In this document, the following words shall have the following meanings:

    1. “Buyer” means the organization or person who buys Goods.

    2. “Goods” means the articles to be supplied to the Buyer by the Seller;

    3. “Intellectual Property Rights” means all patents, registered and unregistered designs, copyrights, trademarks, know-how, and all other forms of intellectual property wherever in the world enforceable;

    4. “Seller” means Eurogroup Belcaire, SL. Manises, 10 – 46930, Quart de Poblet (Valencia) Spain

    1. These Terms and Conditions shall apply to sales of Goods by the Seller to the Buyer to the exclusion of all other terms and conditions referred to, offered or relied on by the Buyer whether in negotiation or at any stage in the dealings between the parties, including any standard or printed terms tendered by the Buyer, unless the Buyer specifically states in writing, separately from such terms, that it wishes such terms to apply and this has been acknowledged by the Seller in writing.

    2. Any variation to these Terms and Conditions (including any special terms and conditions agreed between the parties) shall be inapplicable unless agreed in writing by the Seller.

    3. With the first shipment, Buyer acknowledges these Standard Terms and Conditions of Sale also in their respective future effective versions as agreed and binding for all further contracts. Modifications or variations from these Standard Terms and Conditions must be approved in writing to be valid.

    4. On serving programs, Eurogroup Belcaire must be duly notified 90 calendar days before EOP(End of Program).
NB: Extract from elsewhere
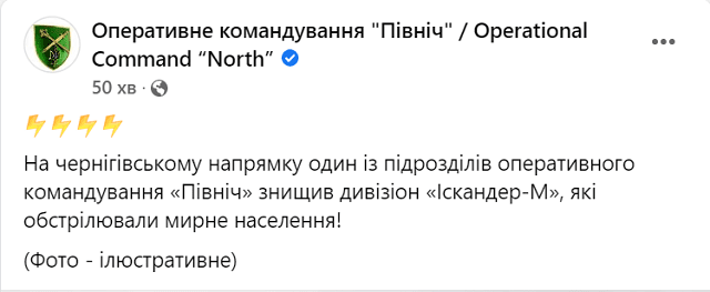 – На чернігівському напрямку один із підрозділів оперативного командування Північ знищив дивізіон Іскандер-М, які обстрілювали мирне населення, – йдеться у повідомленні.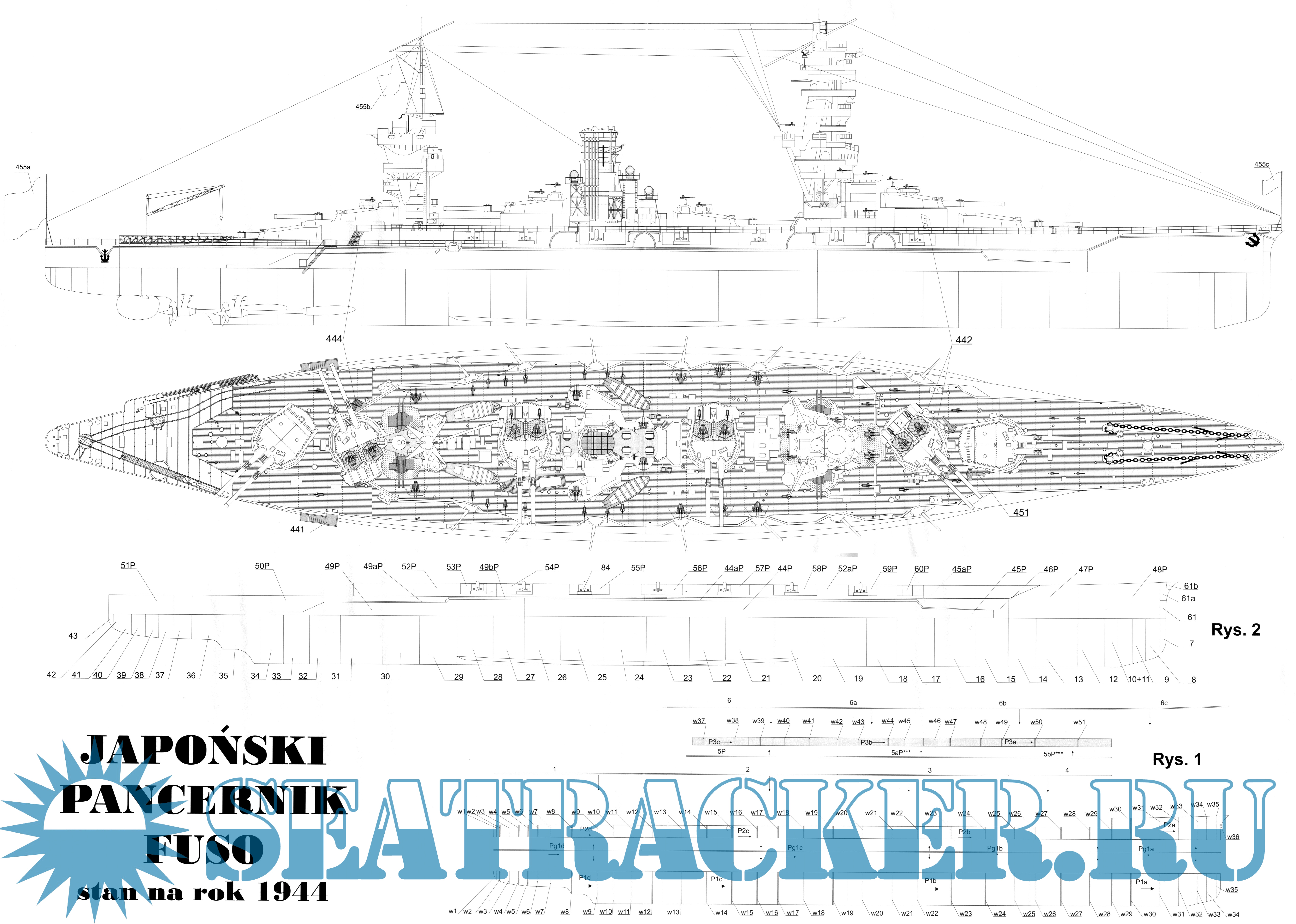 59 листов цветных выкроек и инструкций для изготовления модели из бумаги японского линкора IJN Fuso в масштабе 1:200

Seller acknowledges that any material that has been used, forward processed, or exceeds 14 days from its reception will be deemed approved and accepted by Buyer.

Alterations, amendments or supplements of contract or side agreements are valid only, if they have been confirmed by Seller in writing.

Any contract shall be deemed to have been concluded when the Seller has issued a confirmation of the order in writing. Solely the content of the order confirmation is relevant. Any previous offers made by the Seller are not binding and are of no legal consequence.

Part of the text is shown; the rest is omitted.